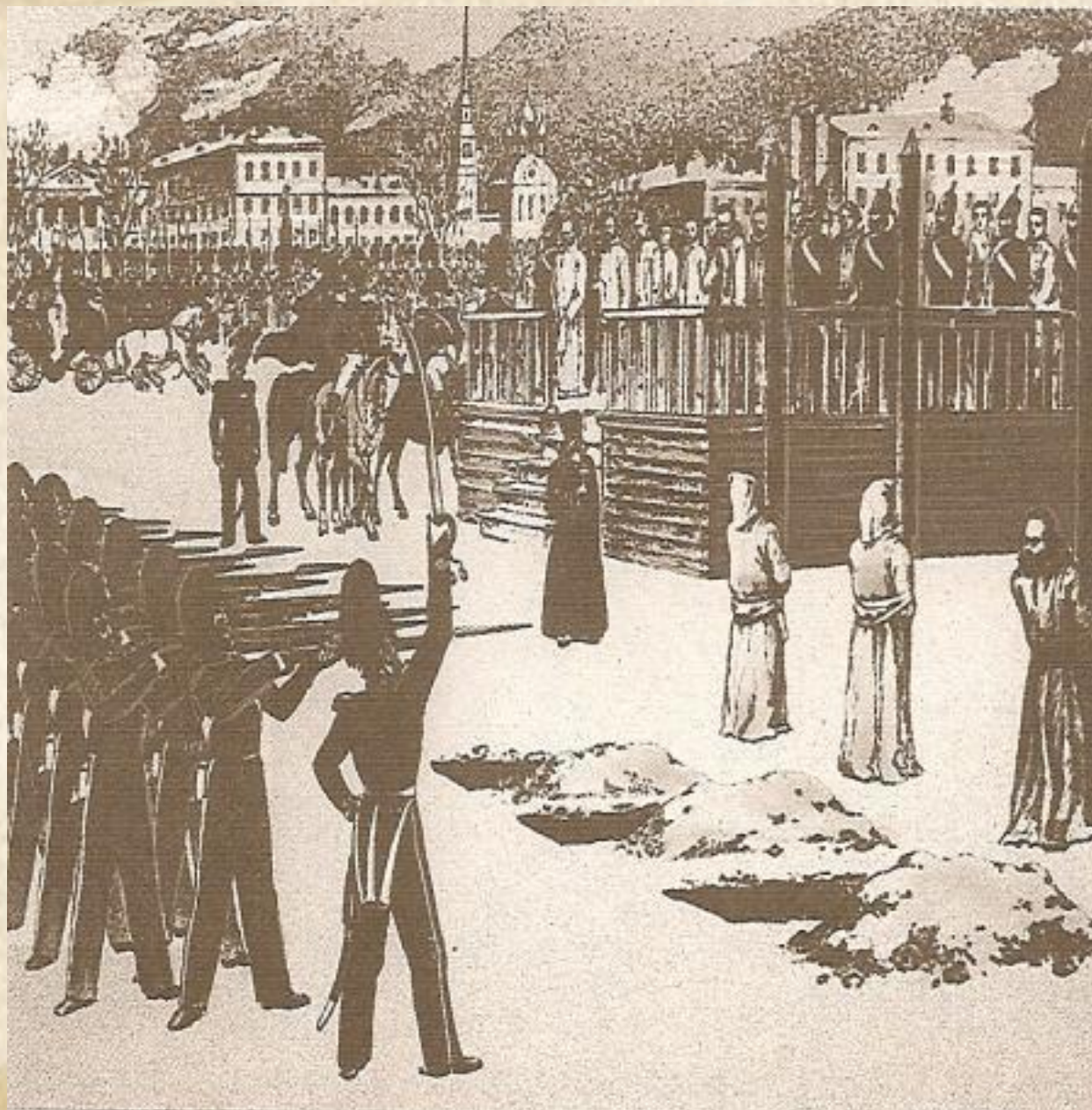
Инсценировка казни петрашевцев. Рисунок Б. Покровского. 1849 г.
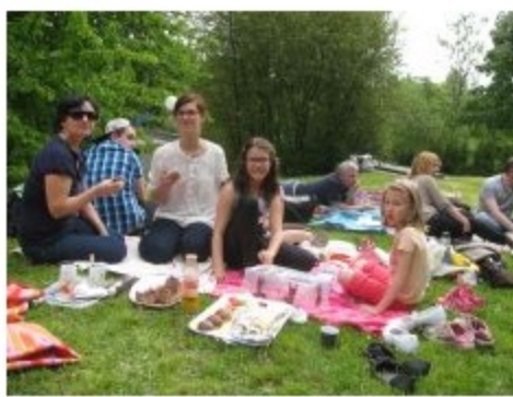
ZŠ Václava Talicha.

Na 137 místech České republiky dalo více než pět tisíc lidí jasně najevo, že je zajímavá, kdo a za jakých podmínek pro ně pěstuje například čaj, kávu nebo zeleninu a ovoce. Stalo se tak na pikniku s názvem Férová snídaně NaZemi , který podporuje fairtradové a lokální pěstitele. V ČR se slavil už popáté, a to již tradičně na Světový den pro fair trade. Absolutně největší počet lidí (200) přišel na férový piknik v Rožnově pod Radhoštěm a v Mostě. Obě Férové snídaně pořádaly tzv. Fairtradové školy a škola, které o tento titul usiluje. V Rožnově to byli žáci ZŠ Pod Skalkou a v Mostě žáci ZŠ Svážná a

========================================================================

(Problem):
When you repeat the data, keep it exact and drop every picture.

(Exercise solution):
Инсценировка казни петрашевцев. Рисунок Б. Покровского. 1849 г.
ZŠ Václava Talicha.

Na 137 místech České republiky dalo více než pět tisíc lidí jasně najevo, že je zajímavá, kdo a za jakých podmínek pro ně pěstuje například čaj, kávu nebo zeleninu a ovoce. Stalo se tak na pikniku s názvem Férová snídaně NaZemi , který podporuje fairtradové a lokální pěstitele. V ČR se slavil už popáté, a to již tradičně na Světový den pro fair trade. Absolutně největší počet lidí (200) přišel na férový piknik v Rožnově pod Radhoštěm a v Mostě. Obě Férové snídaně pořádaly tzv. Fairtradové školy a škola, které o tento titul usiluje. V Rožnově to byli žáci ZŠ Pod Skalkou a v Mostě žáci ZŠ Svážná a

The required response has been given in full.